Stiamo definendo una formazione per preparare i nostri clienti ad affrontare la “fase 2” con l'obiettivo di ottimizzare il proprio servizio. Siamo consapevoli che si partirà con delle restrizioni, che non saranno le stesse di quando sono state interrotte le attività. 

Qual è la sfida?
Pianificare la parte finanziaria con tutti gli strumenti che il governo ci concederà. Bisogna considerare un aiuto economico il decreto “salva imprese”, sfruttandolo al 100%, mettere in sicurezza il personale in modo da garantire anche posti di lavoro e non lasciare a casa i dipendenti. Il contributo dello stato e la formazione ad un nuovo metodo di lavoro non deve ridurre l'economicità che deve dare un prodotto. 

Si parla di “fase 2” e nuovo metodo di lavoro. Come dovranno adeguarsi i baristi?
Bisogna dare continuità alla somministrazione, dalla colazione alla “pausa caffè”, ma con regole restrittive, come ingressi contingentati e distanze.

Questo cosa comporta?
Costi fissi importanti. Il servizio non deve cambiare. I fatturati saranno sicuramente più bassi. Ma il cliente non si deve spaventare nel riaprire l'attività. 

Quale può essere un'innovazione per la ripartenza?
Il domicilio, per fare un esempio, non può essere una soluzione. La novità sta ad esempio nell'uso di bicchieri monouso riciclabili. Il cliente entra nel bar, prende un caffè o cappuccino in un contenitore monouso e se lo gusta per strada. Un po' nello stile del caffè all'americana. Una nuova tendenza insomma. 
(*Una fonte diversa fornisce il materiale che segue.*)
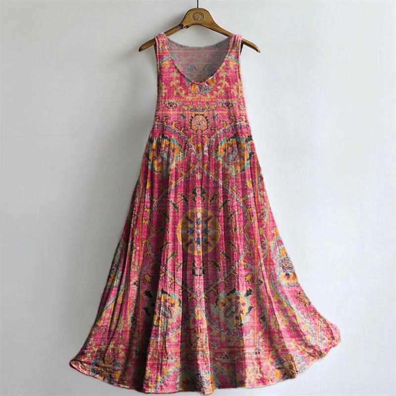 Women's Colorful Retro Totem Art Print Sleeveless Cotton Pocket Dress

Quali possono essere i vantaggi?
Il primo quello di velocizzare i tempi di somministrazione, il secondo quello di utilizzo di prodotti biodegradabili, simil cartoncino, che mantengono calda la bevanda e alta la crema del caffè. Un po' come si bevesse il caffè dalla tazzina in porcellana. Ci stiamo in questo senso strutturando per la somministrazione del caffè espresso e cappuccino. In questo modo si va verso una direzione ecologica. Infatti si può smaltire come rifiuto compostabile, senza costi di smaltimento. Spingeremo molto su questo sistema.
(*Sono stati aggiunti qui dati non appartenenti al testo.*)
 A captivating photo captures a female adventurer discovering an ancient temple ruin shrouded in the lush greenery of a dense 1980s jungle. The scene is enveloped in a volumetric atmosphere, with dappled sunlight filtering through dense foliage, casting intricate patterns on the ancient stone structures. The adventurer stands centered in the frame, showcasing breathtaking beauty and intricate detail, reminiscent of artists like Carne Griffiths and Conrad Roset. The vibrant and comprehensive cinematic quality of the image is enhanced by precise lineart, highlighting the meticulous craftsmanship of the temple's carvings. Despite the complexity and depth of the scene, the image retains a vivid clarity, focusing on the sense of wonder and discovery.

Bar e ristoranti risentiranno sicuramente anche della crisi del turismo, tra i più penalizzati dall'emergenza sanitaria
Il sistema turismo quest'anno sarà sicuramente differente. Bisognerà fare rete e spingerò molto su questo aspetto nelle prossime riunioni ad esempio con le associazioni cooperative dei bagnini della riviera e magari approfondire con i sindaci dei territori. Serviranno quindi iniziative per stimolare maggiormente l'economia turistica locale, con opzioni di interscambio tra i vari territori ed esaltare le nostre eccellenze.